Doctors Not Included

Perpetuating their fiction, the tort reformers claimed that “exorbitant awards” were causing doctors to flee the state. The judge found the opposite to be true.

The number of doctors in Florida had been increasing during the time period in question, Bodine wrote.

“The real twist,” he says, “is that while insurance companies were delivering record profits, they didn’t reduce physicians’ premiums.

The judge saw through this fraudulent behavior.

He said the damage caps did nothing to reduce medical malpractice insurance rates, since the law had no provisions for passing their savings on to doctors.

“They’ll lie and fabricate to increase their profits.
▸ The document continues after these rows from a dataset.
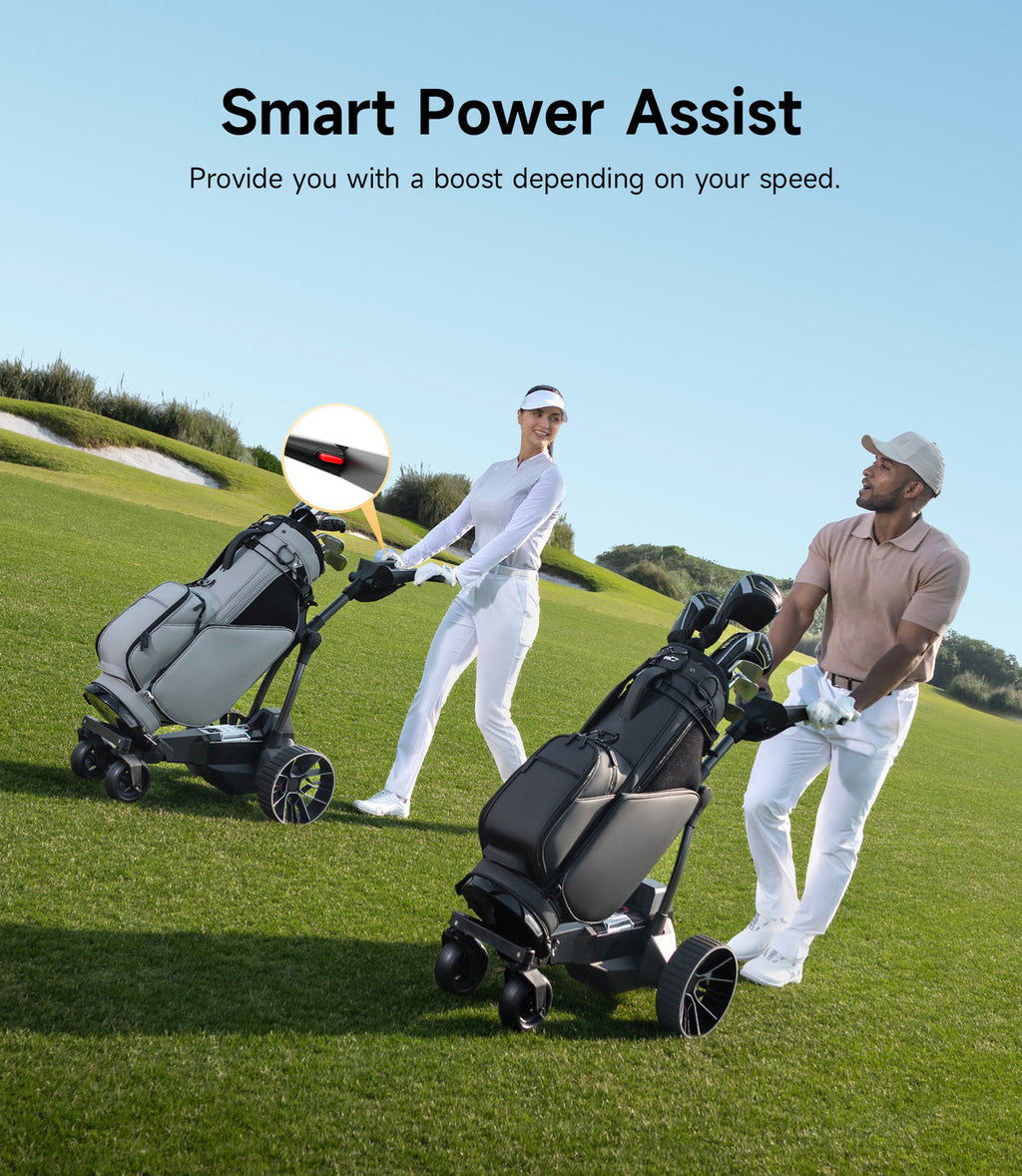 - All-Terrain Dominance + Downhill Control + Power Assist: All-terrain big wheels + motorized Power Assist tackle inclines, while automatic descent control ensures safety. Redefine electric golf push cart capability. Conquer 25° hills effortlessly! Motorized electric push golf cart propulsion tackles steep terrain, while patented Slope Master tech prevents tipping on slopes. True all-terrian stability with 10" knobby wheels.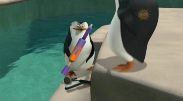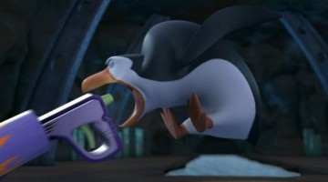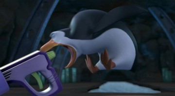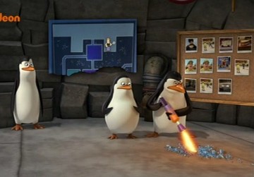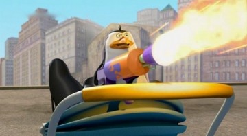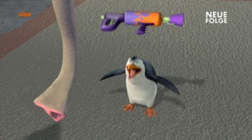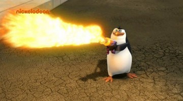 Mit dem Flammenwerfer verschaffens ich die Pinguine und die Lemuren Zutritt zu Professor Quimby!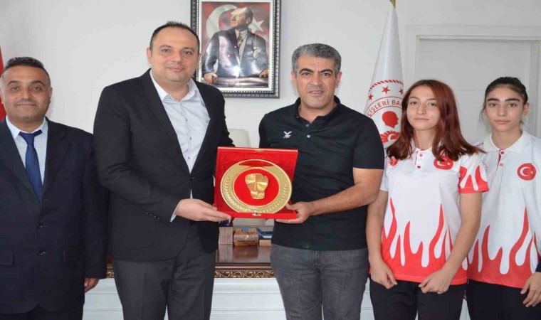 Ziyarette Milli Takım Antrenörü Ömer Uğur tarafından Kaymakam Demir’e plaket takdiminde bulunuldu.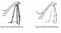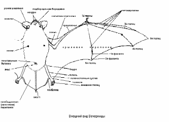 Тело рукокрылых сплющено дорзо-вентрально. Передние конечности их видоизменены в крылья: предплечье, пястные (метакарпальные) кости и фаланги пальцев (кроме первого, который свободен) чрезмерно удлиненны; между плечом, предплечьем, пальцами, боками тела и задними конечностями натянута тонкая эластичная летательная перепонка. Положение задних конечностей необычно: бёдра развёрнуты под прямым углом к телу и в одной плоскости с ним, глени направлены назад и в стороны. Ушные раковины относительно большие, хорошо развитые. У большинства видов имеется козелок – вертикально стоящий кожный вырост, отходящий от переднего края слухового отверстия. Хвост у большинства видов длинный, полностью или частично заключённый в межрёберную перепонку; свободный край этой перепонки поддерживается парной хрящевой или костной шпорой, отходящих от пятки. Вдоль основания шпоры у многих видов тянется кожистая своеобразная лопасть – эпиблема. Приведён пример внешнего вида Вечерницы.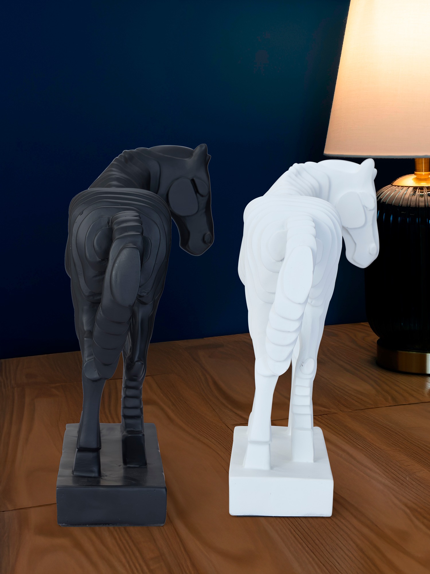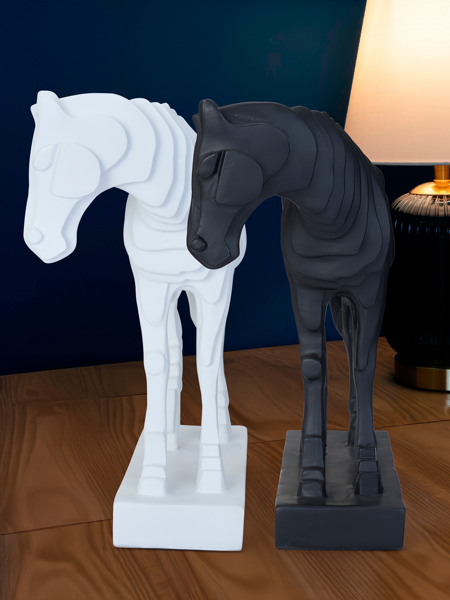 Transform your space with the sophisticated charm of MODECOR Horse Sculptures (AGT-1032-WHITE).Featuring a contemporary design in contrasting White finish,this statues embody elegance and strength. Their modern, geometric detailing adds a unique and artistic flair, making them a standout addition to any decor.Perfect for desks, shelves, or console tables, these horse sculptures are versatile decor pieces that seamlessly blend into modern or eclectic interiors. Let their timeless design and premium craftsmanship elevate your space with grace and style.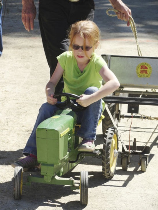 Lexy Fields, 5, of Wimer gets up to speed in the kid's tractor pull at the 32nd Annual Father's Day Antique Engine and Tractor Show in Pottsville Saturday. For more pictures see the photo gallery at the thedailycourier.com.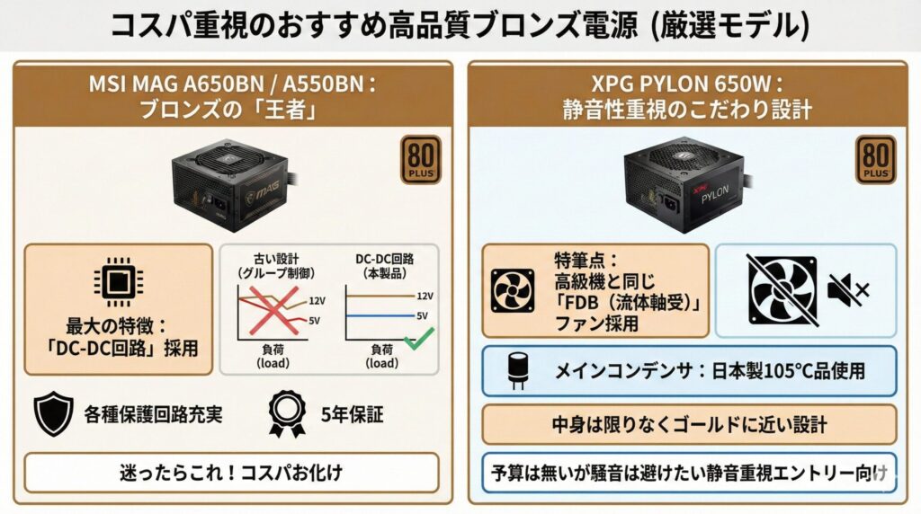 「ブロンズでいいけど、すぐに壊れるような安物は嫌だ」という方のために、私が自信を持って推せる「高品質ブロンズ電源」を厳選しました。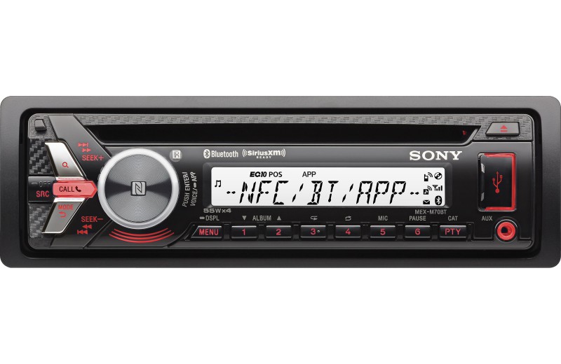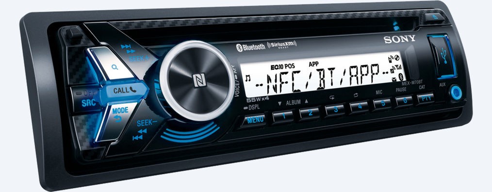Autorádio SONY rozmeru 1DIN s CD prehrávačom, USB vstupom, s Bluetooth a NFC pre okamžité spárovanie s telefónom, s výstupným výkonom 4 x 55W, modré a červené podsvietenie tlačidiel, UV odolné, vode odolné.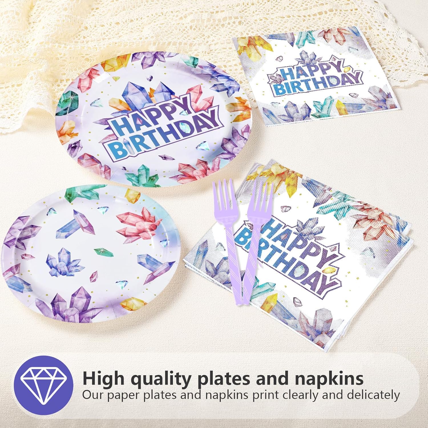 【Crystal Birthday Theme Design】Perfect for a birthday party with a glamorous crystal vibe, this party set showcases lively designs filled with crystal, gem stone and diamond elements. Each plate and napkin is decorated with colorful crystals, purple gem stones, diamonds, and “Happy Birthday” motifs. The crystal party tableware brings a shiny and festive atmosphere to your celebration.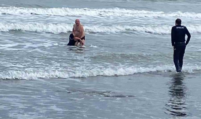 Samsun'da Karadeniz'in azgın sularına atlayarak intihara kalkışan kadın, denize atlayan polis memuru tarafından kurtarıldı.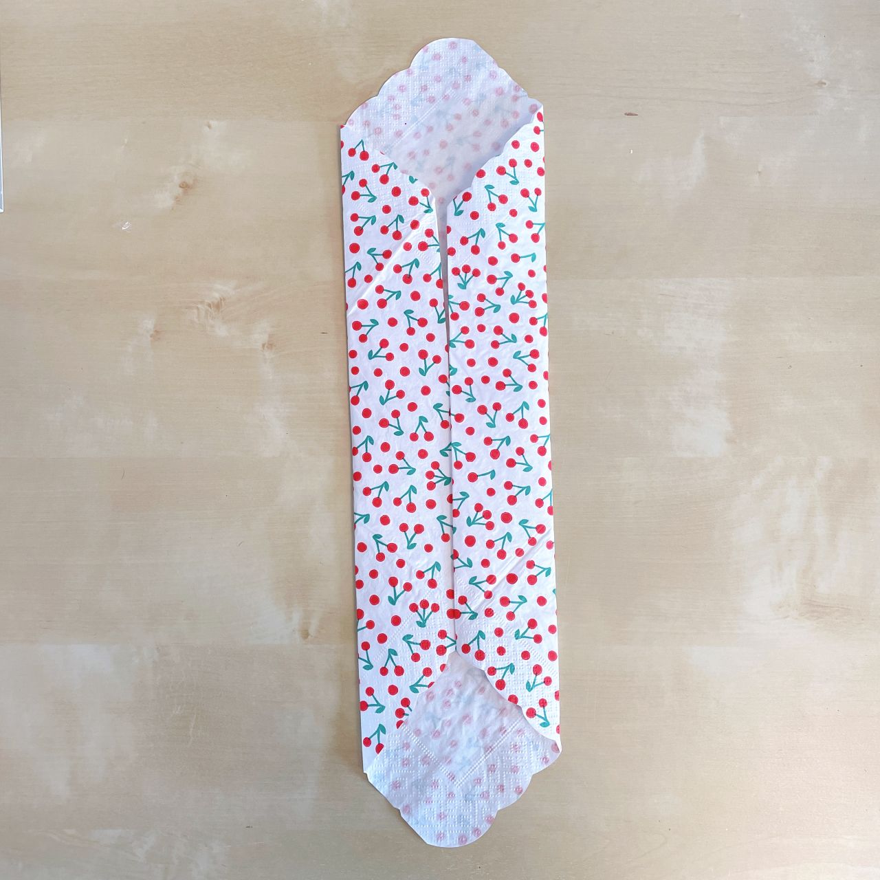 ○ペーパーナプキン(ハンカチやキッチンクロスでつくってもかわいいですよ!)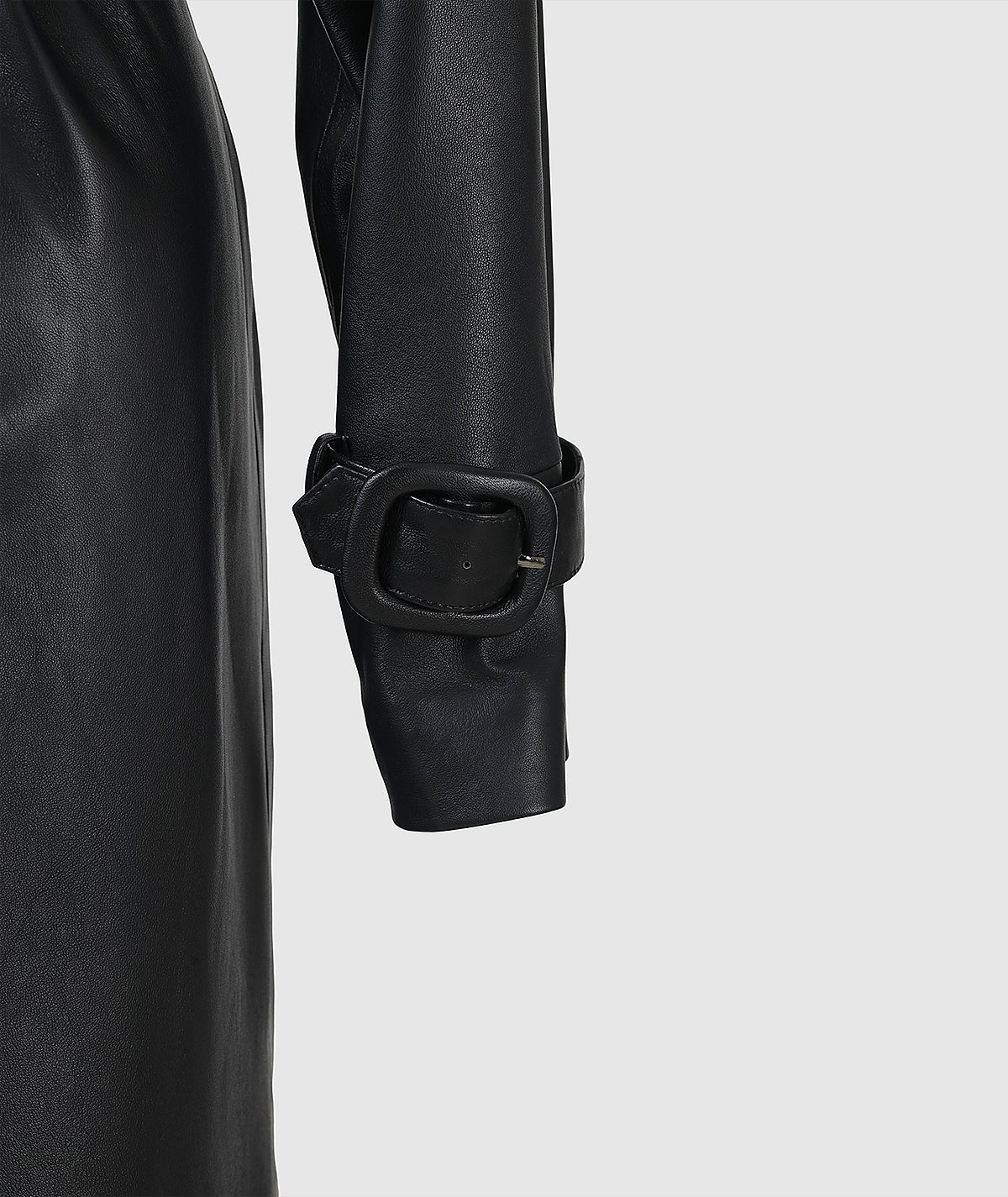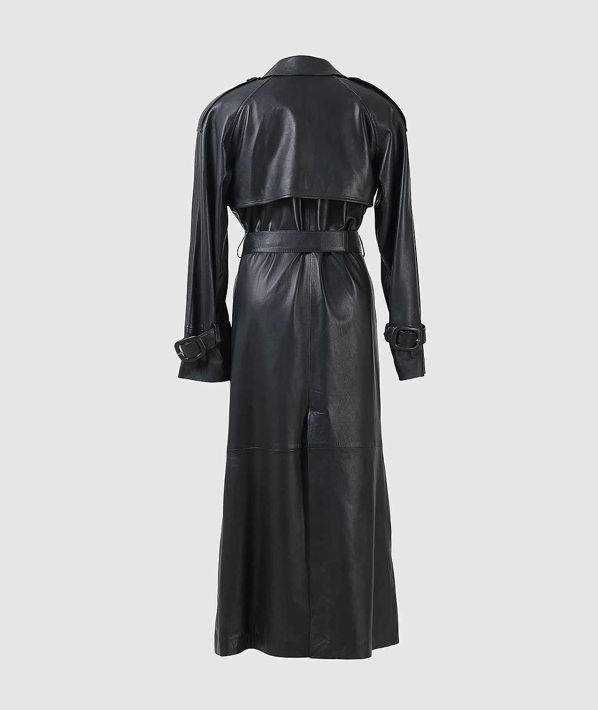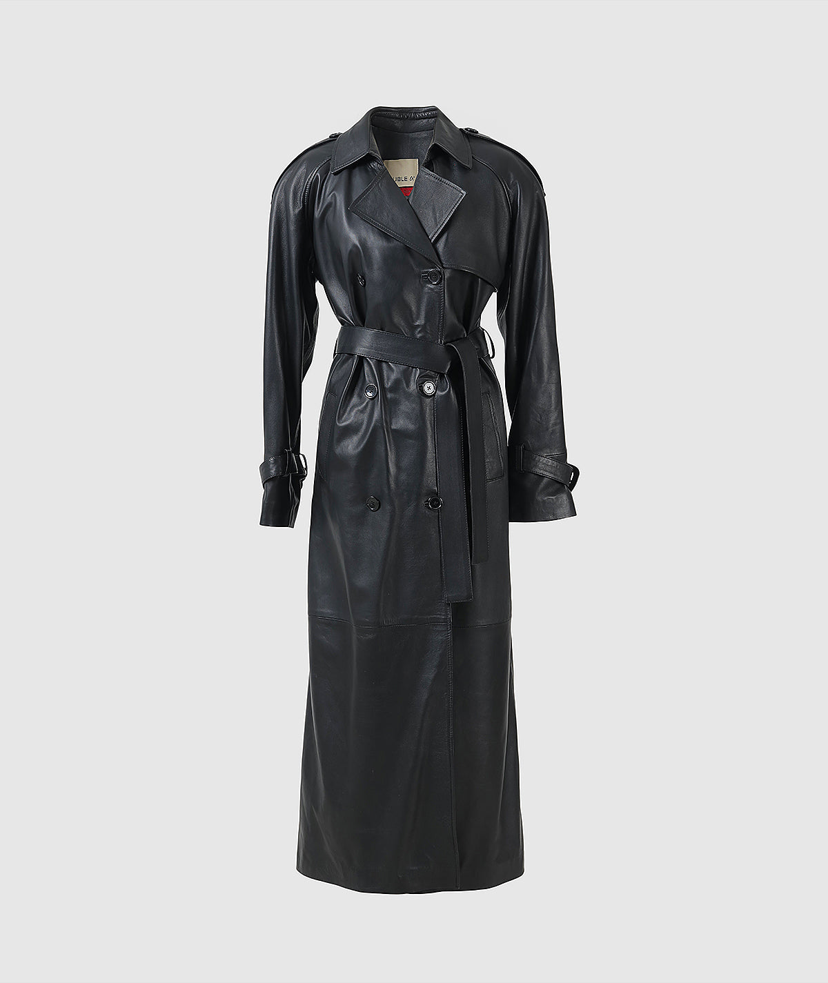 Command attention with our striking leather coat, featuring bold shoulders and a cinched waist belt for a powerful, tailored silhouette. This statement piece is crafted from luxurious leather, combining structure and elegance in one. The bold shoulders add a touch of drama, while the adjustable waist belt ensures a flattering, fitted look. Perfect for elevating any outfit, this coat is the ultimate blend of modern sophistication and timeless style.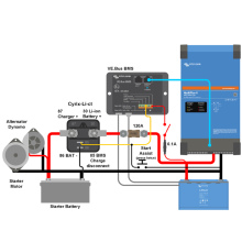 Het is gebruikelijk om de dynamo rechtstreeks op de startaccu aan te sluiten. De accessoire-accu en eventueel ook een boegschroefaccu en andere accu's worden allemaal aan de startaccu gekoppeld met een Cyrix-accuscheider. Wanneer de Cyrix vaststelt dat de startaccu de koppelspanning heeft bereikt, zorgt de Cyrix ervoor dat alle accu's parallel geladen worden.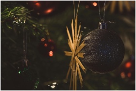 Close-up of a sparkling Christmas ornament with warm bokeh on a festive tree.
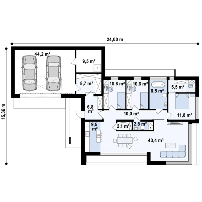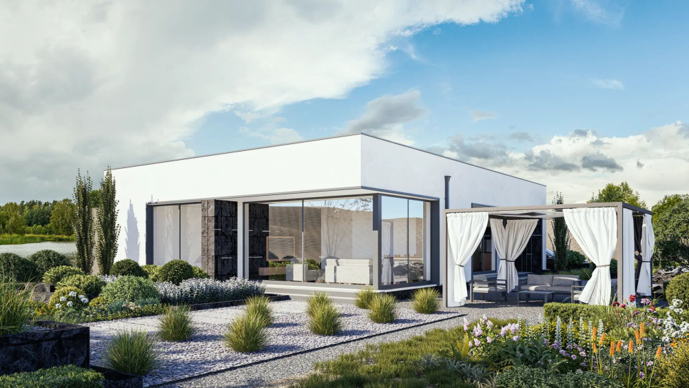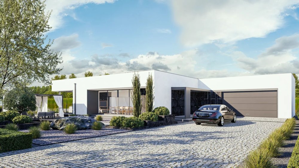 Сучасний одноповерховий будинок з пласким дахом та чіткими геометричними формами. Фасад має стильний вигляд завдяки контрастному поєднанням білого та сірого кольорів.
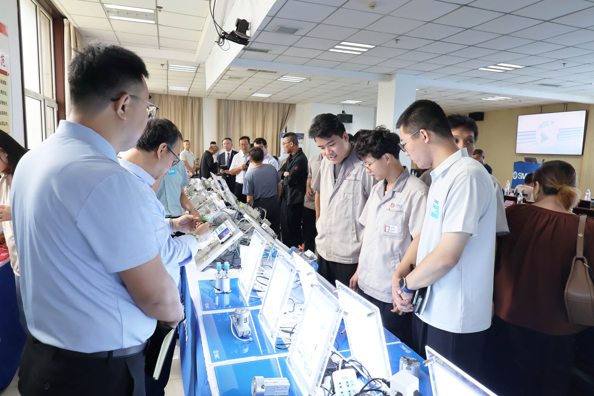在實物展示與互動交流環(huán)節(jié),參會者圍繞展品結(jié)構(gòu)與SMC技術(shù)專家展開熱烈討論,針對實際生產(chǎn)中遇到的技術(shù)難題、應(yīng)用痛點進(jìn)行了深入探討,此外,參會人員還與聯(lián)盟同行、高校學(xué)者就行業(yè)技術(shù)發(fā)展趨勢、人才培養(yǎng)體系建設(shè)、項目合作等進(jìn)行良好溝通,為晉中紡機(jī)液壓特色專業(yè)鎮(zhèn)構(gòu)建技術(shù)生態(tài)注入了新動能。交流會雖已落幕,技術(shù)熱度卻持續(xù)升溫。不少未能參會的企業(yè)技術(shù)人員、生產(chǎn)一線職工專程前來觀摩展品,交流經(jīng)驗。大家一致認(rèn)為,本次交流會不僅拓寬了對氣動與液壓系統(tǒng)融合應(yīng)用的認(rèn)知邊界,也更清晰揭示當(dāng)前企業(yè)自身在產(chǎn)品能效、智能化程度及系統(tǒng)解決方案等方面與國際先進(jìn)水平之間的差距,同時也看到了追趕和超越的機(jī)遇。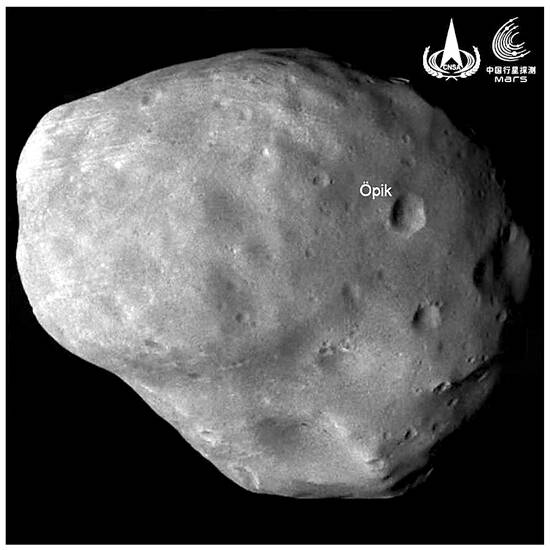 该图像是天问一号火星环绕器携带的高分辨率相机拍摄的。图像中火卫一看上去像极了“土豆”,表面布满了大大小小形状不一的陨石坑,形貌完整、细节清晰,首次近距离获取了火卫一的第一手科学数据。为科学家开展火卫一地形地貌、运行规律等研究提供了珍贵数据,为我国行星探测工程积累了宝贵经验。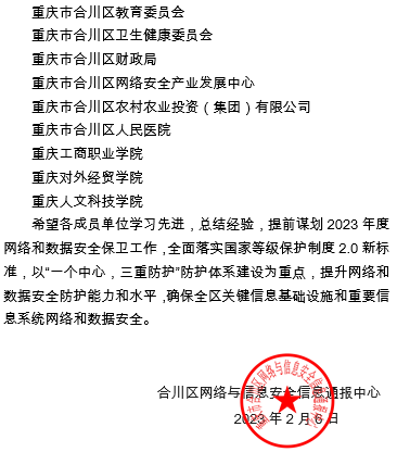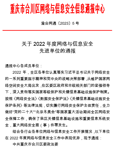 近日,重庆市合川区网络与信息安全信息通报中心下发了《关于2022年度网络与信息安全先进单位的通报》(渝合网通〔2023〕5号),BEAT365被评为“2022年度网络与信息安全先进单位”。

Meanwhile, studies show there are 100,000 patients every year who die from med mal cases,” Bodine says.

Economic Damages Halved and Amortized

Another far-reaching decision, in the Missouri Supreme Court, is protecting people from what the judge termed “hostile legislation.”

The case involved a baby who suffered disabling brain injuries because of botched medical care “by not one, but two doctors," Bodine wrote.

(http://www.huffingtonpost.com/larry-bodine/lie-of-tort-reform_b_1976213.html)

The baby’s mother, Deborah Watts, won a $1.45 million jury award for non-economic damages, and a $3.37 million award to cover future medical damages.

The state law not only slashed the family’s non-economic damages from $1.45 million, to $350,000.

It split the $3 million medical damages award in two, doling out half of it to the severely brain-damaged baby’s Mom in annual installments over a 50-year period, at an interest rate of 0.26 percent.

The Missouri Supreme Court declared the statute unconstitutional, ruling that it violated the right to a trial by jury,

“Once the right to a trial by a jury attaches, as it does in this case, the plaintiff has the full benefit of that right, free from the reach of hostile legislation,” the judge ruled. 

(Watts v. Cox Medical Centers, 2012 Mo. LEXIS 155 (July 31, 2012)opinion http://www.courts.mo.gov/file.jsp?id=55761)

Damages Slashed for Girl Mauled by Pitbulls

A Georgia court came to a rigidly conservative decision in a case involving a seven-year-old girl, who had her arm amputated after two pitbulls visciously attached her while she was shooting basketballs in her back yard, Larry Bodine says. (http://www.http/thenationaltriallawyers.org/2015/tort-reform-punitive.)

Her punitive damages award was slashed from  $36 million, to $250,000.

Although the judge admitted that the badly injured child, Erin Ingram, was entitled to the $72 million the jury awarded her, he told the court he had no choice but to hand down the law as written,

The National Trial Laywers reported. (Ingram, et.al. v. Vaughn, Case No: 12A-41402-S (January 12, 2015, DeKalb County Senior Judge Matthew Robins, Decatur, GA).

Decision Imminent in Ohio

Bodine says there’s a controversial tort reform being tried right now in the Ohio Supreme Court.

A jury awarded $3.5 million in punitive damages to a girl who was 15 when she was raped twice by her pastor during counseling sessions in 2008. He had a history of sex offenses that the church kept secret.

The court’s ruling was contrary to the Ohio state law capping the amount of non-economic damages for any injury that isn’t physically catastrophic.

The judge awarded the now 22-year old woman the maximum amount allowed for non-catastrophic illness, which is $350,000.

Last December, the plaintiff’s lawyer, John Fitch, asked the Ohio Supreme Court to re-evaluate a prior decision upholding the cap in a previous product liability case.

“The damage caps on non-catastrophic illness should be ruled as unconstitutional when awarded to child sex-abuse victims,” Fitch is arguing.

 A decision is expected any day now, Bodine says. (Jessica Simpkins, v. Grace Brethren Church of Delaware, Ohio Supreme Court Case No. 14-1953

lower court opinion at: http://caselaw.findlaw.com/oh-court-of-appeals/1675496.html

“People don’t understand how pernicious tort reform is, Bodine says.

 “They think they’ll go to court and the jury will reach a verdict. “They don’t deserve these artificial limits placed on their money.”